Leptotes cassius, the Cassius blue or tropical striped blue, is a butterfly of the family Lycaenidae. It is found in North America in Florida including the Keys, Texas south through the Caribbean, Mexico, and Central America to South America. Strays have been found in New Mexico, Kansas, Missouri, South Carolina, North Carolina and Virginia.

The wingspan is 20–35 mm.

The butterfly species has an important role in Marisha Pessl's 2006 novel Special Topics in Calamity Physics. The protagonist, Blue van Meer, is named in honor of the Cassius blue.
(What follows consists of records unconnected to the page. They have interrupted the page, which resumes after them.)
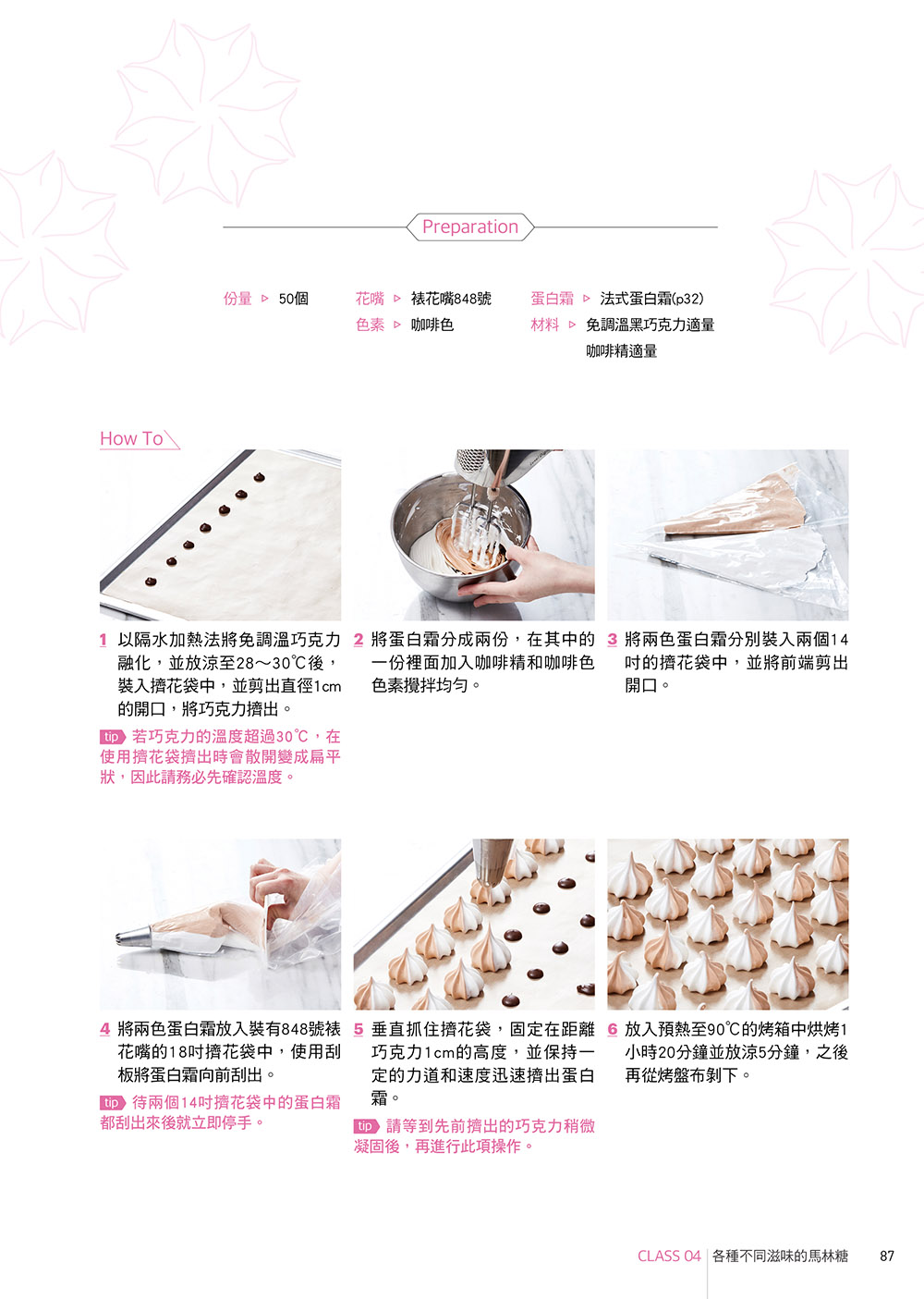 準備與基礎單元▶▶介紹不同口感的法式、瑞士、義式3種蛋白霜製作方法,及失敗原因與改善方法。
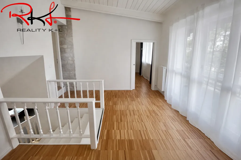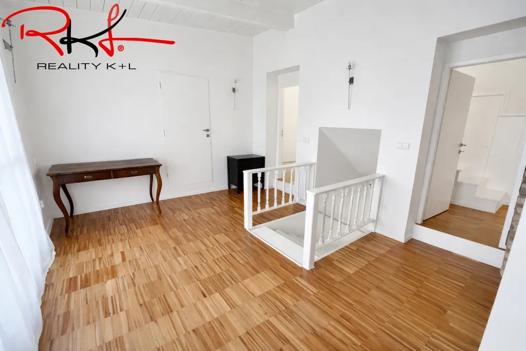 Patro: po schodech se dostanete do patra, kde je prostorná ložnice a dva pokoje, balkón. Dále se na patře nachází koupelny pro každý pokoj. Vytápění je řešený plynovým kotlem a a ohřev vody el. boilerem.
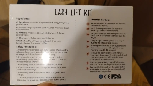 Замовляю не перший раз. Замовляла 28.11, отримала 20.12. Трек відслідковувався. Ефект ламінування тримається місяць, а далі вії хто куди. Це нормально. Користуюсь продуктом майже рік. Мені подобається. Після ламінування є припухлість повіки, яка сходить за день. У мене така реакція на клей. Дуже швидко закінчується баночка #4 (cleanser). Було б добре, якби вона була більшою і її можна було купити окремо додатково. А так все чудово. Рекомендую.
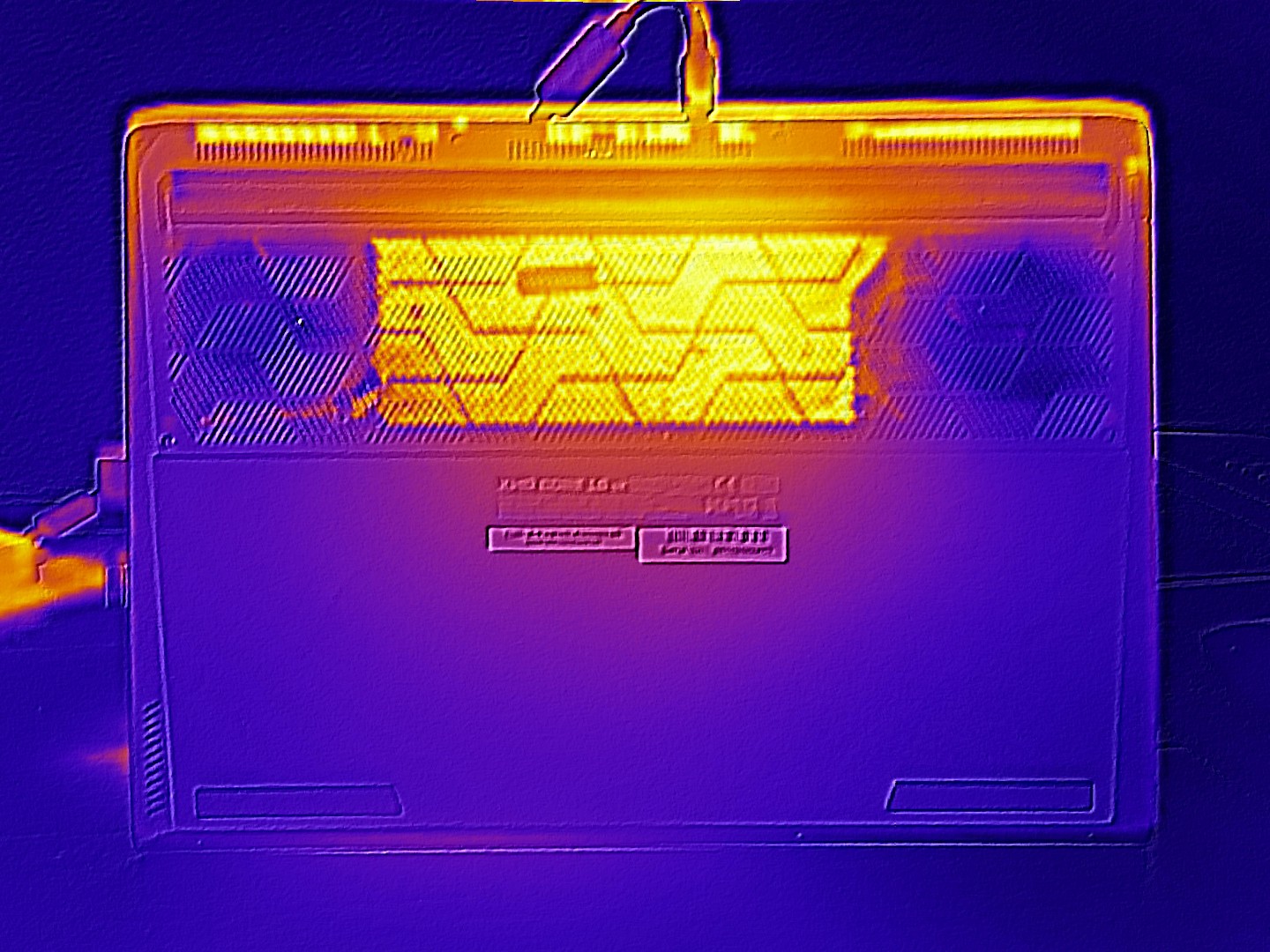 Under load, the underside of the chassis heats up more, reaching a maximum of 57 °C, while the top peaks at 46 °C. In idle scenarios, the chassis settles at a moderate 25 to 31 °C.
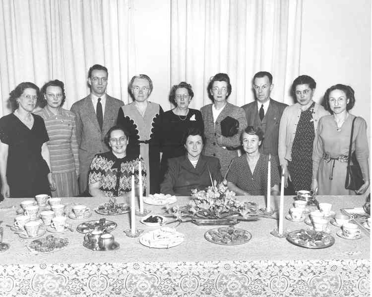 - en-CA Course for grad E librarians. Course instructor: Alberta Letts. Standing at left is Ruby Wallace and three from left is Jade Snell, County Librarian.
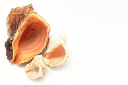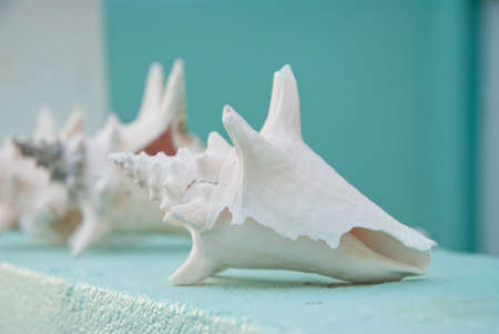 Old weathered conch shell background. Tropical sea conch wallpaper
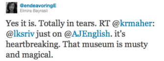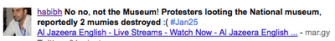Very soon into the revolt, the Egyptian government took the drastic step of shutting down access to information and communications systems (save landlines). As of this writing, reports are that all access to servers and mobile phones have been shut down, as well. Rather than inhibit protest, this has coincided with and may have added impetus for a swelling of protest, with people gathering en masse in the hundreds and thousands. (The extent to which this is a tech or a social media revolution has been debated by commentators for days– and will continue to be so. But similarly to what I’ve written before, for the moment this argument, while worth studying in the abstract, is besides the point.) This fight is playing out on the streets. The protesters are fighting no matter which technologies are available, willing to put themselves at risk to protect what is important to them. And one of the things they took to the streets to protect was their museums.
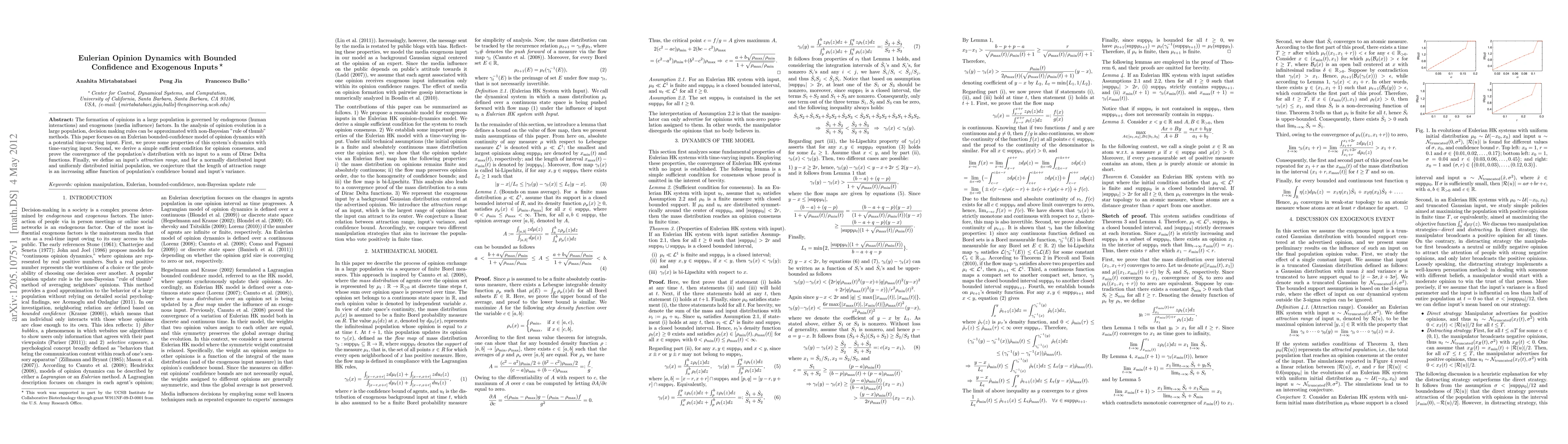 This paper studies an Eulerian opinion dynamics model incorporating bounded confidence and exogenous input, proving its dynamic properties and consensus conditions. It also conjectures that the input's attraction range increases with the confidence bound and input variance for normally distributed inputs.
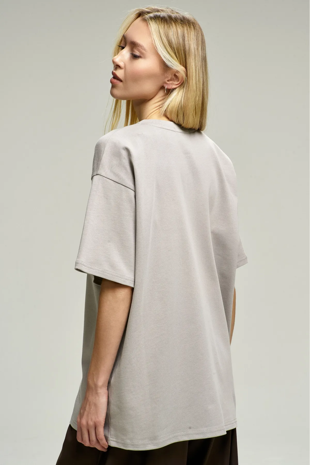 Материал не просвечивает и прекрасно дышит, обеспечивая комфорт в течение всего дня. Свободный силуэт OS легко вписать в повседневные образы. Принт выполнен с помощью высокотехнологичной печати, а значит, изделие надолго сохранит свой безупречный вид.
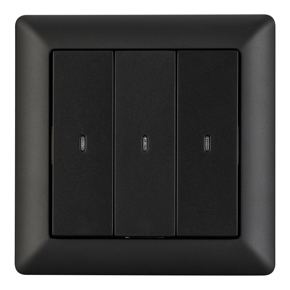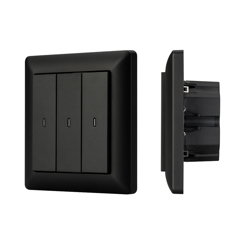 Универсальная трёхклавишная встраиваемая настенная панель стандарта KNX с шестью кнопками. Цвет корпуса графит. Питание от шины KNX DC 21-30V. Размер 86х86х45 мм.
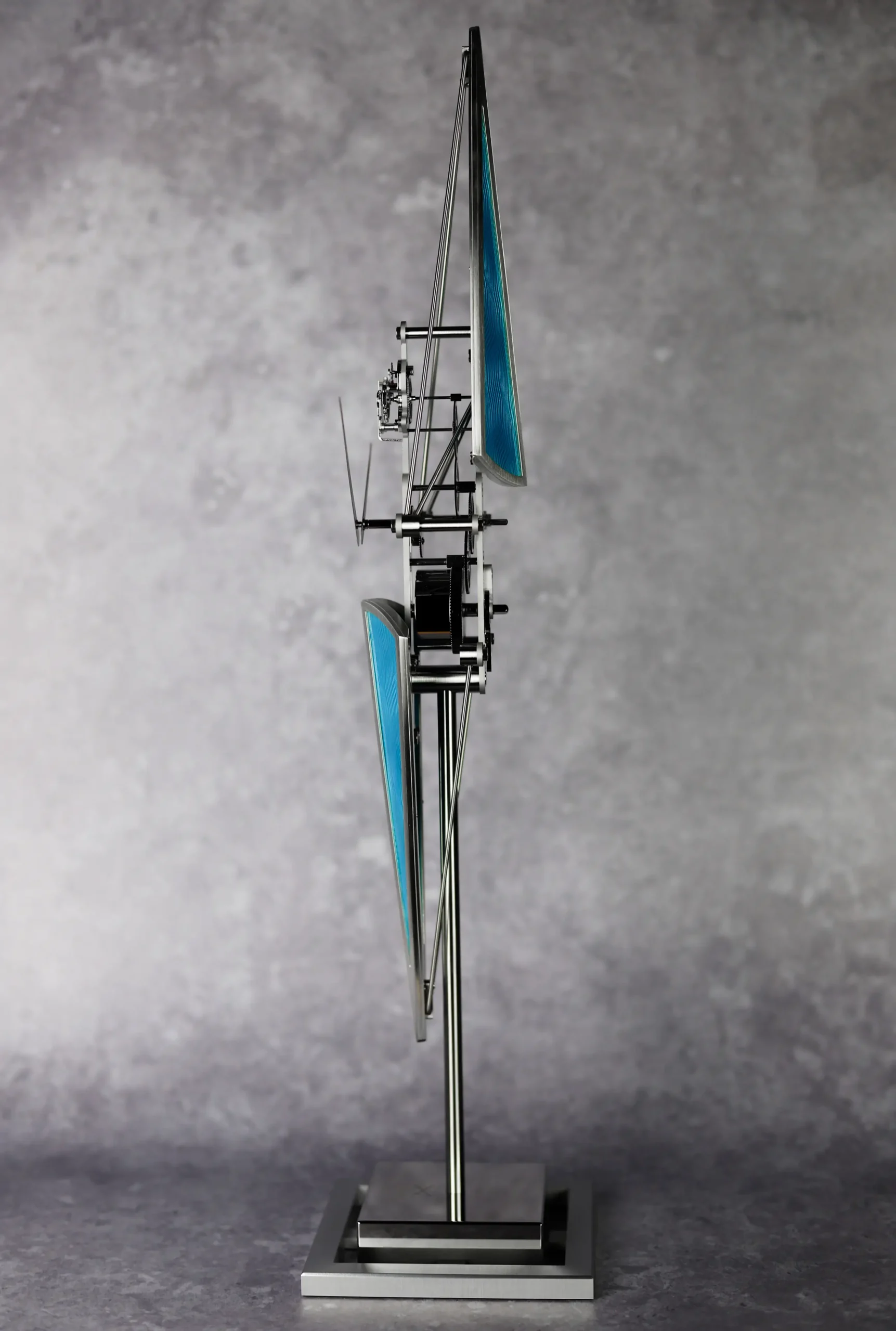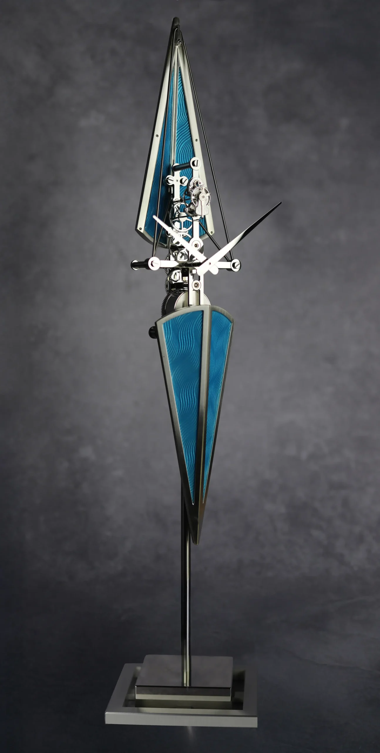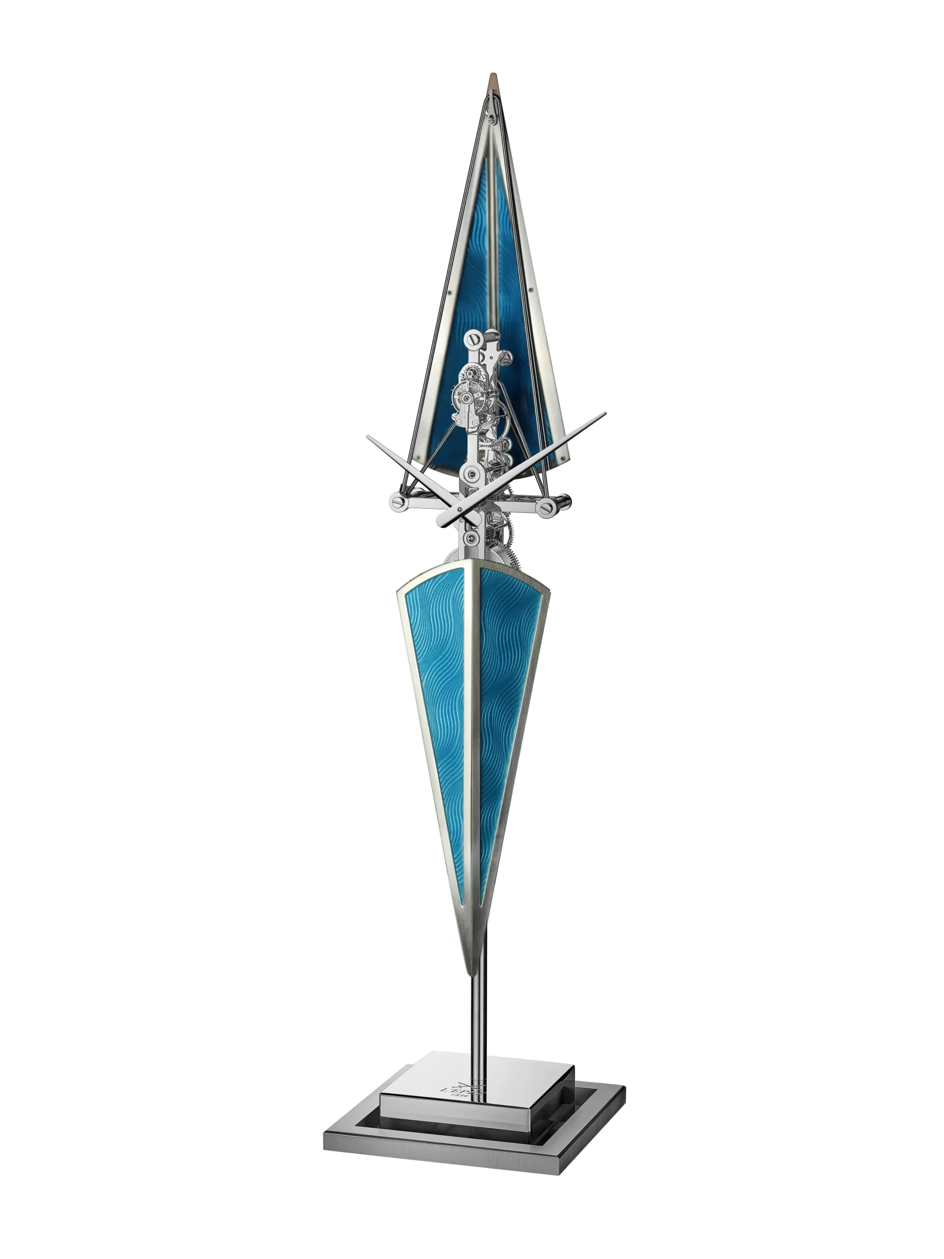 세 모델 모두 고요한 물살을 가르는 경주용 보트를 모티프로 삼아 길쭉하고 날렵한 실루엣을 드러낸다. 높이 518mm, 하단 지지대 120mm로 제작했으며, 오브제 전면에서 보이는 날렵한 핸즈로 시와 분을 표시한다. 모든 기어 장치를 하나의 수직 축을 따라 정렬한 인하우스 무브먼트를 탑재했다. 여기에 충격 흡수를 위한 잉카블록을 적용해 내구성을 강화했다. 시간당 진동수는 18,000vph(2.5Hz), 파워리저브는 8일이다. 베이스와 무브먼트는 스테인리스 스틸과 팔라듐 도금한 황동, 알루미늄으로 제작했으며, 선체 부분은 에나멜과 은박, 구리, 순금 와이어로 완성했다.

The caterpillars feed natively on Fabaceae. Food plants on record are Amorpha crenulata, woolly rattlepod (Crotalaria incana), Galactia regularis and lima bean (Phaseolus lunatus). It can also successfully develop feeding on Cape leadwort (Plumbago auriculata) or doctorbush (P. scandens), which (among the eudicots) are not closely related to its usual food plants.

==Subspecies==
- L. c. cassius - Suriname, Trinidad & Tobago
- L. c. catilina
- L. c. theonus (Lucas, 1857) - Florida, Cuba, Bahamas, Greater Antilles
- L. c. cassidula (Boisduval, 1870) - Texas, Mexico, Honduras to Panama
- L. c. cassioides - Windward Islands, including Dominica
- L. c. striata

L. c. theonus (and consequently L. cassius itself) is the type species of the genus Leptotes.